Naquele jogo, os camaroneses venceram graças a um gol de François Oman-Biyik aos 22 minutos do segundo tempo. André Kana-Biyik e Benjamin Massing foram expulsos, respectivamente, aos 16 e aos 43 minutos da etapa final. Os camaroneses terminaram a primeira fase na liderança do grupo, caindo nas quartas de final com uma derrota por 3 a 2 para a Inglaterra.
A arte de Chagall como salvação
Lembrando experiências do passado a seu eu mais jovem, Buffon diz que dinheiro e fama não devem ser seus objetivos na carreira. A prioridade, segundo ele, é cuidar de sua alma.
"Se eu pudesse lhe dar um conselho, seria para ser muito mais curioso sobre o mundo ao seu redor quando você ainda é jovem. Você poupará a si mesmo, e especialmente a sua família, de muita dor de cabeça", disse. "Você precisa ser corajoso para ser um goleiro, é verdade. Mas ser corajoso não é ser ignorante, Gigi."
Foi durante os cuidados com sua depressão que Buffon descobriu o mundo fora do futebol. Assim, descobriu a arte, graças às pinturas do franco-russo Marc Chagall.
"Nas profundezas da sua depressão, algo estranho e bonito acontecerá. Um dia, você decidirá interromper sua rotina e ir a um restaurante diferente em Turim no café da manhã. Então, você seguirá uma nova rota pela cidade e passará por um museu de arte."
"O cartaz do lado de fora diz 'Chagall'. Você já ouviu esse nome antes. Mas você não conhece arte. Você tem coisas a fazer. Você deve estar a caminho. Você é Buffon."
"Mas quem é Buffon? Quem é você realmente? Você sabe?"
"Esta é a parte mais importante desta carta. Você tem que entrar naquele museu, naquele dia específico. Será a decisão mais importante da sua vida. Se você não entrar nesse museu e continuar sua vida como jogador de futebol, como Super-homem, continuará a trancar todos os seus sentimentos no porão e sua alma se deteriorará."
"Mas se você entrar, verá centenas de pinturas de Chagall. A maioria deles não fará nada para mexer com você. Alguns bons, outros interessantes, outros que nada dizem para você. Mas então você verá uma pintura específica que o atingirá como um raio."
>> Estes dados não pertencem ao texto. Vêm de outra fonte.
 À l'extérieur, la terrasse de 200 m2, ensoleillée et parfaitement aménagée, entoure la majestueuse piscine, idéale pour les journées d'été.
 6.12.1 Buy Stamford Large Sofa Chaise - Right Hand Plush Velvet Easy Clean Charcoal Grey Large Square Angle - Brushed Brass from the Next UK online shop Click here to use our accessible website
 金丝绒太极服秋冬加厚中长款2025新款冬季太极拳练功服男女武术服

A imagem em questão era a pintura A caminhada, descrita por ele como "uma imagem quase infantil". "Um homem e uma mulher estão em um parque, fazendo um piquenique, mas tudo é mágico. A mulher está voando para o céu, como um anjo, e o homem está de pé no chão, segurando a mão dela, sorrindo."
"É como o sonho de uma criança. Esta imagem transmitirá algo de outro mundo. Isso lhe dará a sensação de uma criança. O sentimento de felicidade na simplicidade."
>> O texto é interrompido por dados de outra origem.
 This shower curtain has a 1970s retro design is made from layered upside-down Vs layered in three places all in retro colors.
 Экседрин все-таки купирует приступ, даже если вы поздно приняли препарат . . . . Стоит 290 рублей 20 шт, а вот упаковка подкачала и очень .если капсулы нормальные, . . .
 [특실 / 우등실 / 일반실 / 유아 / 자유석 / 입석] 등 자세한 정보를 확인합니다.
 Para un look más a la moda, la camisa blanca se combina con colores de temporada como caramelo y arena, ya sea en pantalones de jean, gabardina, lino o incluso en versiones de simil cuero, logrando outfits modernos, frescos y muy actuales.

"A sensação de Thomas N'Kono socando a bola a 30 metros. A sensação de sua avó chamando você da cozinha. A sensação de se sentar atrás da televisão no escuro, rezando."
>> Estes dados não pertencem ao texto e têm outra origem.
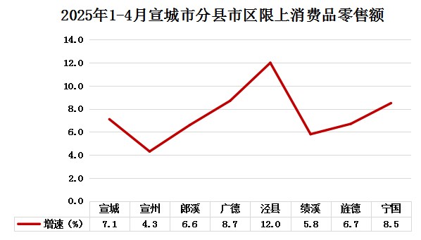 3.商貿(mào)。1-4月,全市限上消費(fèi)品零售額同比增長(zhǎng)8.7%,4月當(dāng)月限上消費(fèi)品零售額同比增長(zhǎng)10.1%。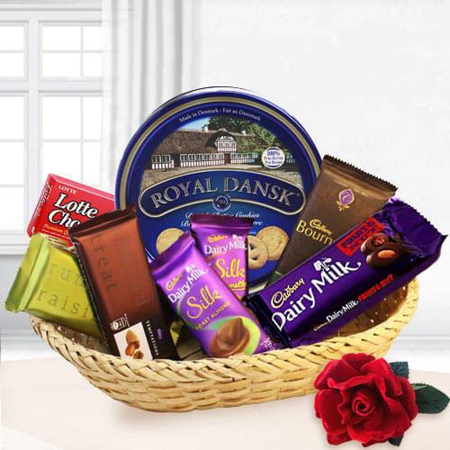 Make your dear one happy by sending thisGraceful Festive Carnival Chocolate Hamper with your special feelings. This Chocolate Hamper Basket includes Danish Assorted Cookies, Cadbury Diary Milk Silk, Temptation, Cadbury Diary Milk Roast Almonds, Cadbury Diary Milk Fruits N Nuts, Chocopie. (Free Velvet Red Rose)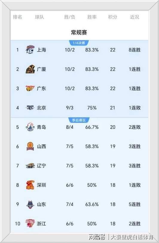 ①、前三名、上海男籃、廣廈隊和廣東隊都取得10勝2負的戰績排名前三;
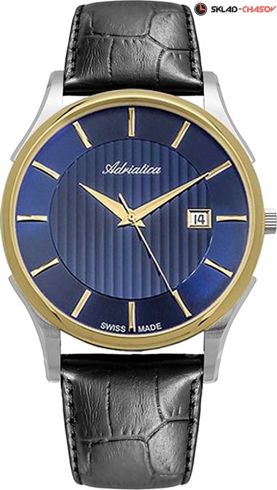 Классические мужские часы от швейцарского бренда Adriatica. На циферблате присутствует апертура текущей даты. Точность хода обеспечивает швейцарский кварцевый механизм ETA F06. Ремешок из натуральной кожи с классической застежкой. Вес часов 54 грамма. Гарантия 2 года.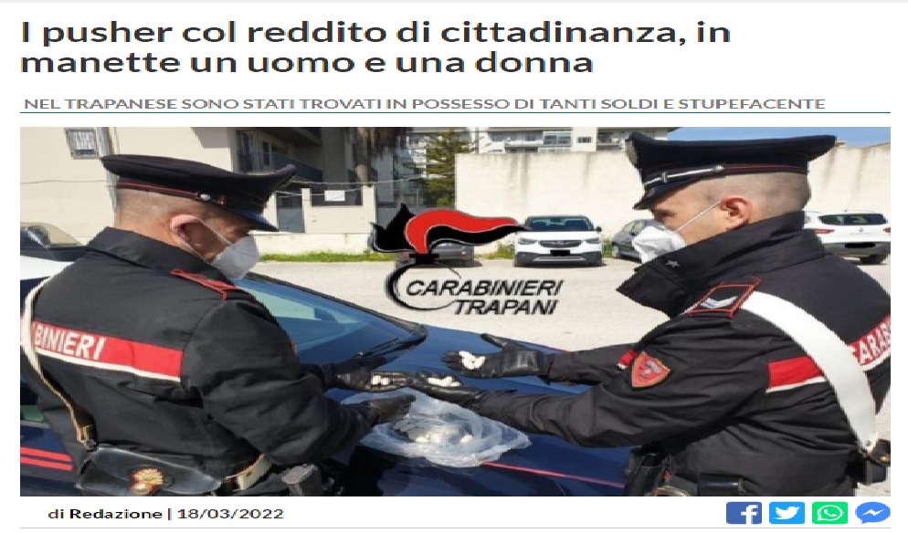 Durante la perquisizione dell’abitazione del 46enne, i carabinieri hanno rinvenuto una modica quantità di eroina e altri 600 euro in contanti. Considerati i gravi indizi raccolti sia nelle pregresse indagini che durante l’operazione antidroga, i carabinieri hanno arrestato entrambe le persone coinvolte. I due, su disposizione del sostituto procuratore del tribunale di Marsala, sono stati rinchiusi nelle camere di sicurezza della compagnia fino alla convalida dell’arresto di fronte al competente giudice per le indagini preliminari che ha applicato nei loro confronti la misura cautelare della custodia cautelare in carcere. Inoltre, in quanto percettori di reddito di cittadinanza, i due arrestati sono stati segnalati per la sospensione del beneficio.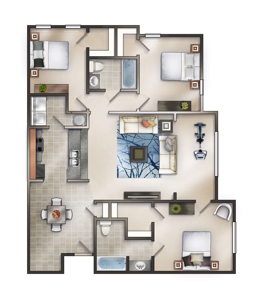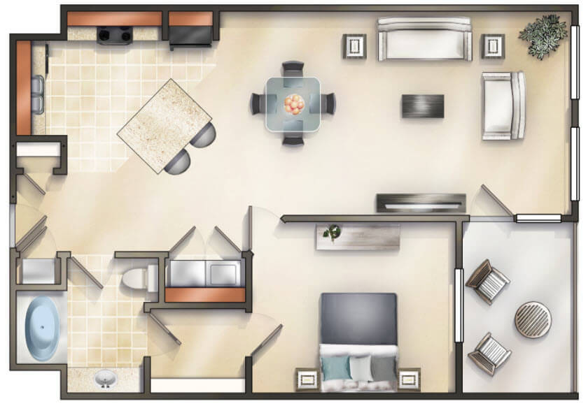 1 Bed, 1 Bath, 831 sq ftAvailable NowModel Gallery
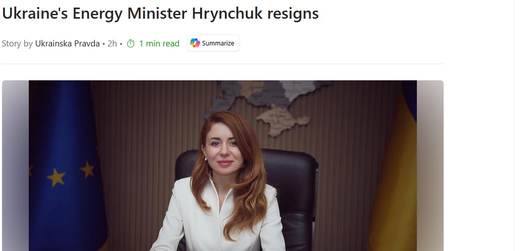 https://www.msn.com/en-us/news/world/ukraine-s-energy-minister-hrynchuk-resigns/ar-AA1QiCmqThe Ukrainian energy minister has resigned - I dont think it is appropriate. You cant blame her for what Russia did wrong to Ukraine!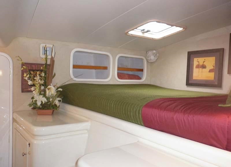 The galley is to port of the lounge, creating a social and welcoming ambiance. Guest accommodation is in the port and starboard hulls. The SWISH catamaran is full air conditioned for optimum comfort. The professional crew of 2 has separate quarters and en-suite facilities, providing guests with further privacy.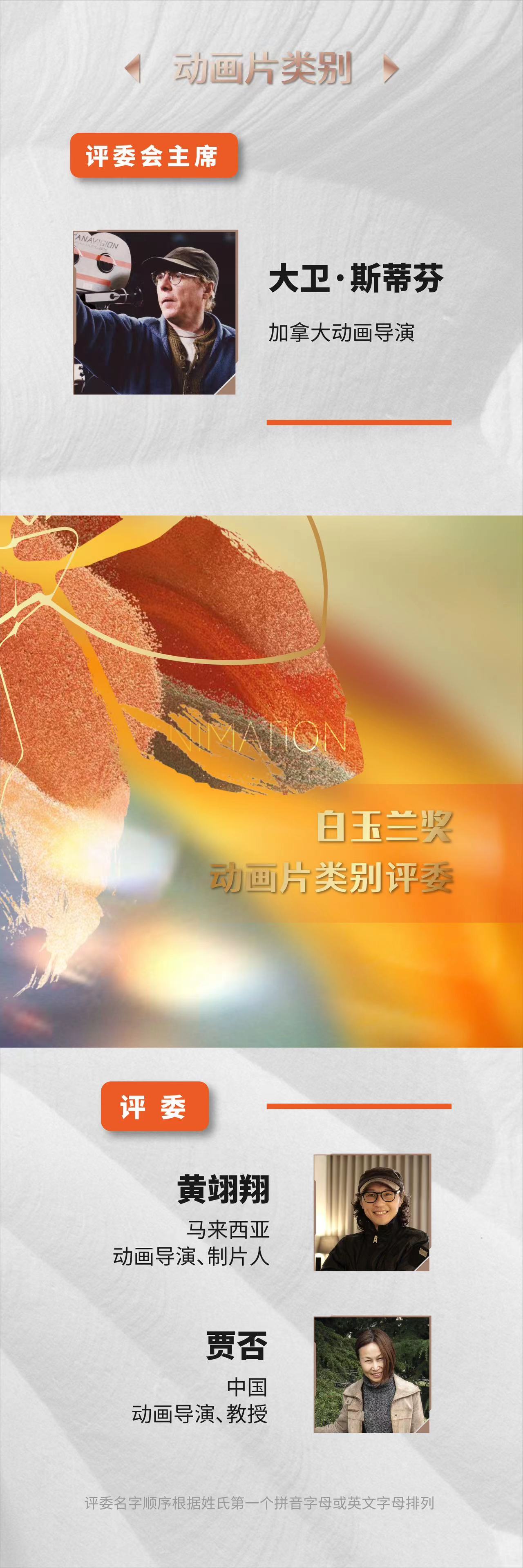 作为中国电视行业的风向标,上海电视节白玉兰奖既对过往的优秀作品给予褒奖,更为未来的创作理清思路。发布会上公布了第二十八届上海电视节白玉兰奖评委会名单。中国著名影视学者胡智锋将出任电视剧评委会主席,中国电视剧单元评委包括段奕宏(中国演员)、穆德远(中国摄影)、孙皓(中国导演)、王珞丹(中国演员)、王三毛(中国编剧)、赵彤(中国文艺评论)等;海外电视剧单元评委包括玛尔·索度佩(Mar·Sodupe,西班牙演员)、尹在爀(JaeHyeok Yoon,韩国制作人)。美国/马来西亚纪录片制片人邓宝丝将出任白玉兰奖纪录片评委会主席,中国教授、纪录片策展人何苏六、德国纪录片制片人萨比娜·布贝克担任评委。加拿大动画导演大卫·斯蒂芬将出任白玉兰奖动画片评委会主席,马来西亚动画导演、制片人黄翊翔和中国动画导演、教授贾否担任评委。

"À medida que envelhecemos, podemos facilmente esquecer esses sentimentos. Você deve voltar ao museu no dia seguinte. É essencial."
"A mulher na bilheteria olhará para você de uma maneira engraçada. Ela diz: 'Você não chegou aqui ontem?'. Não importa. Volte para dentro. Esta arte será a melhor cura para você. Quando você abre sua mente, o peso interior que você sente será elevado, como a mulher sendo levantada no ar na pintura de Chagall."
"Há uma incrível ironia neste momento. Às vezes acho que a vida precisa ser escrita para nós. Tantas coisas inexplicáveis e bonitas que acontecerão com você que parecem estar conectadas. Este é um deles."
Frase fascista
No fim da carta, Buffon ainda lembrou outro momento que protagonizou na juventude e do qual não se mostra orgulhoso: o lema fascista que usou, sem querer, para motivar os colegas de Parma.
"Quando você é um jovem jogador do Parma, fará algo por ignorância que o marcará. Antes de uma grande partida, você fará um grande gesto para mostrar a seus colegas e fãs que você é um líder, que é corajoso, que é um grande personagem."
"Então, você escreverá uma mensagem em sua camisa que uma vez viu esculpida em uma mesa quando estava na escola."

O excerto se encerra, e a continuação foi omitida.